Avec les noirs, Gervais est opposé à L. Lalouette (1350) qui joue une Bird. La position est égale mais la situation au centre est tendue. Gervais rate l'occasion de prendre l'avantage en pénétrant sur la colonne ç. Peu après, en se précipitant, les blancs perdent un pion au centre et doivent y défendre un pion isolé. La différence est faite. L'échange des pièces lourdes amène une finale gagnante pour les noirs.



Grille après ronde 9


Emmanuelle totalise 5,5 points avec une perf à 1794. Elle se classe 54ème et obtient le 1er prix féminin (300 €)

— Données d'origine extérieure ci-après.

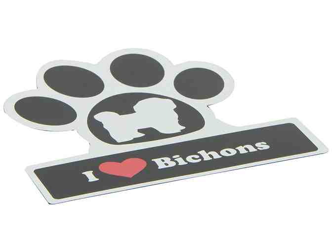 I love Bichons car magnet Will not fade or scratch UV coated for longer lasting color 4 inches by 6 inches

Gervais prend la 81ème place avec 5 points et une perf à 1701.

Côté points Fide, nos deux Tours infernales sont perdantes, Emmanuelle -3,4 et Gervais -1

 

C'est le GM Jean-Marc Degraeve qui remporte le tournoi avec 8 points.

5 joueurs pointent ensuite avec 7 points dont notre ami John Cappon qui remporte un bon prix au général.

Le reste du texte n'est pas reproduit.